7:41 PM EDT, June 13, 2012
Watermelon ranks as a low-acid food.
Just when you think you've heard them all, another diet trend hits the market. This time it's the "low-acid" diet, which purports that there are health benefits to restricting the intake of foods and beverages that are high-acid, and thus have a low pH (the lower the pH, the higher a food's acidity).
All foods and beverages have acidity levels on a pH scale of 0 to 14, with distilled water falling in the neutral range at a pH of 7. In general, low-acid foods include beans, nuts, olive oil, fruits such as watermelon and grapefruit, and vegetables including lettuce, broccoli and celery.
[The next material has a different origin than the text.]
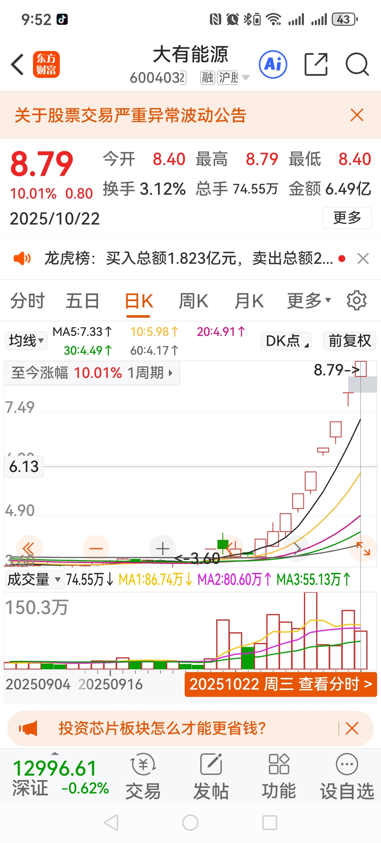 $大有能源(SH600403)$ 明天最好高开7点以上秒板,或者一字板缩量不能放量。如果明天是放量板或者是烂板。就要小心!

Foods that are high-acid include processed foods, coffee, alcohol and animal proteins, including dairy products, chicken, fish and red meat.
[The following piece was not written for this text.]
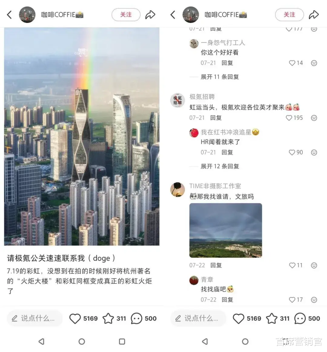小红书上有网友发了张“彩虹落在极氪大厦中间” 的照片,@极氪官微开玩笑要 “以后都能免费去大楼玩”,本以为官方只会礼貌回应,结果极氪直接转发配文“氪气如虹,见者沾喜”,还在评论区跟网友对诗:“忽见双桥落彩虹,化作极氪贯日锋”,连HR都凑过来接话“虹运当头,欢迎加入极氪”,让网友打趣道“极氪小编怕不是偷偷报了诗词班”。

Claims have been made about the potential health advantages of a low-acid diet, including lowered disease-causing inflammation and improved overall health, as well as treating conditions like acid reflux and osteoporosis.
Still, there's not much proof that healthy people need to worry about their dietary acid intake, but the low-acid diet follows the general principles for health outlined by most health organizations, including theU.S. Department of Agriculturedietary guidelines: Eat more fruits and vegetables, fewer processed foods, and replace some animal proteins with plant proteins.
Health experts report that there's no good evidence that you need to regulate the acidity of your diet, because your body does a good job of this on its own: Your blood pH is maintained tightly at 7.35 to 7.45. However, there is some science linking low-acid diets with bone health, because high-animal protein diets — essentially high-acid diets — appear to boost mineral loss from bones.
Also, the diet may be useful for treating laryngopharyngeal reflux. A 2011 study of 20 subjects with reflux reported a 95 percent improvement in symptoms when they followed a strict low-acid diet, but more research is needed. Eat more plant foods and less animal proteins: simple health advice everyone can benefit from.